By this simple mapping we have already reduced the candidates of test cases to be executed as regression tests for this change from 100% to something around 2.5% per affected module assuming everything is equally distributed in those modules). This brings us to 10% of all test cases if four modules are affected.
But that is if we would use modules only. A module is tested by a myriad of test cases, so the tester starts exploratory tests based on the impact assessment given by the developer.
This is where the core competence of “open communication” is a must. The developer and tester have an open ongoing discussion on these changes. While the tester explains what he is planning to test the developer provides input on which cases might be more relevant as she/he understand more of the test coverage.
And that, ladies, and gentlemen is how you identify the perfect regression test set: A team of developers and testers that are experts in their domain but also understand the domain of the other role. This reduced regression testing to roughly 10% of all test cases for a regression testing cycle.
How can you reach 100% regression tests? It sounds too good to be true, but it can be done with automation.
For the sake of completeness: Regression testing is not bound to be automated. The project I’ve described above is without ANY end-to-end automation.
I do miss TestResults.io in this project, nevertheless. Everything is manual here, so having to do the impact assessment is required right now. Having communication between developer and tester is required right now. And I love it, but I would love it even more if it would be kind of optional. Kind of like the cherry on the top. We would still do it because it also brings us together, but we wouldn’t need to rely on it.

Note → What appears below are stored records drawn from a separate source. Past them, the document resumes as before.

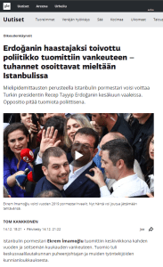 YLE: Erdoğan’ın rakibi olması beklenen siyasetçi hapis cezasına çarptırıldı. İstanbul’da binlerce kişi protesto etti. Kamuoyu anketlerine göre, İBB Başkanı, haziran seçimlerinde Türkiye Cumhurbaşkanı Recep Tayyip Erdoğan’ı yenebilir. Muhalefet, kararı siyasi olarak değerlendiriyor.
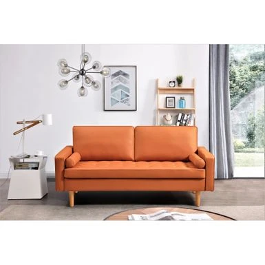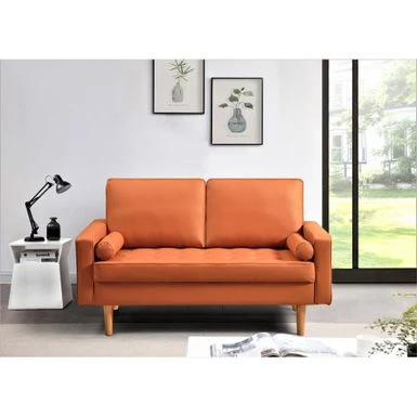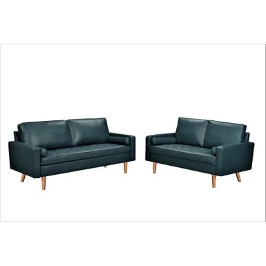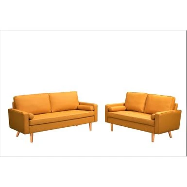 Upgrade your sitting room with this contemporary two-piece seating arrangement, featuring a sofa and loveseat upholstered in inviting faux leather. Tufted detailing and piped seams add subtle yet stylish accents to the clean-lined construction, while tapered feet provide stable support. This set includes two toss pillows designed to complement the overall aesthetic. Designed by Meirxifeng furniture design.
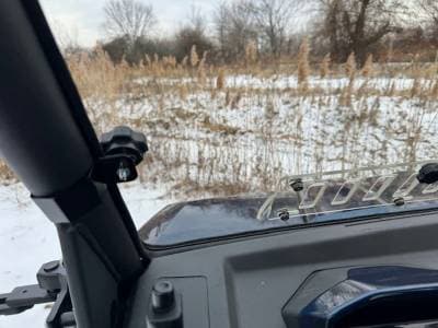 Made from Hard Coated AR2 Polycarbonate, so it is much more scratch resistant than others, and will hold up well to standard use. Polycarbonate is virtually unbreakable. Made to specifically for the UForce 1000, ensuring a great fit. Attaches with custom fabricated brackets with thumbscrews, so that you can easily remove your windshield without any tools. Gasketed on all sides.
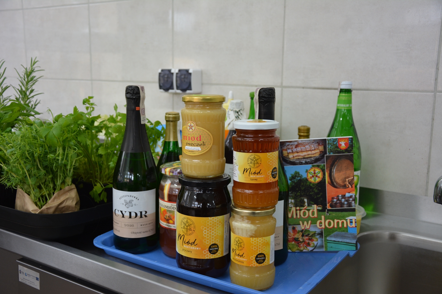 Pod koniec pracowitego dnia  stół degustacyjny zastawiony był potrawami do przygotowania których użyto  produktów  pochodzących  lubelskich gospodarstw, grodów, sadów, pasiek
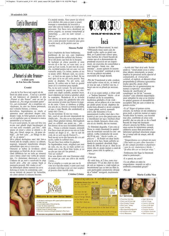 Toamna lui 2020 poartă mască. Ne e frig, ne e ciudat, ne e răbdare. Ne e grijă de cei de acasă, din țară. Câteva lucruri însă curg firesc. Observatorul de Toronto, ediția tipărită este unul din momentele culturale românești ce se întâmplă în marea metropolă. Luna aceasta, pe lângă obișnuitul articol – Em Sava (pagina 3), la prezentări editoriale este vorba despre volumul meu:„Fluturi și alte frunze”.

Automating test cases from the beginning on a platform that keeps the automation maintainable and doesn’t act flaky is the perfect solution for effortless regression testing and therefore to a higher quality.

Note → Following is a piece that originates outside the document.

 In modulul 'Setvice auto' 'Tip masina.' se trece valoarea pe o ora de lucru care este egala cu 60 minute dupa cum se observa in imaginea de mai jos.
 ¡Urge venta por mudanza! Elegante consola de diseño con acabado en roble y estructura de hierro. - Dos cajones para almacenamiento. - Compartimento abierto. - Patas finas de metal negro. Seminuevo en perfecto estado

While I told you how we narrow down the number of test cases that need to be executed I would rather tell you we run all test cases all the time. That would give us time to do more exploratory tests and that is what your users do. They don’t read the specification they start to explore your product.
Automation eases the part of making sure that your product works as specified. Michael Bolton refers to this as checking instead of testing. Which frees up resources for real testing. Your users will love it.
Regression tests are normal tests and regression testing is a difficult challenge that you can either try to solve with a clever overlapping algorithm (remember code vs. test cases in modules) or really solve it by adding automation into the game.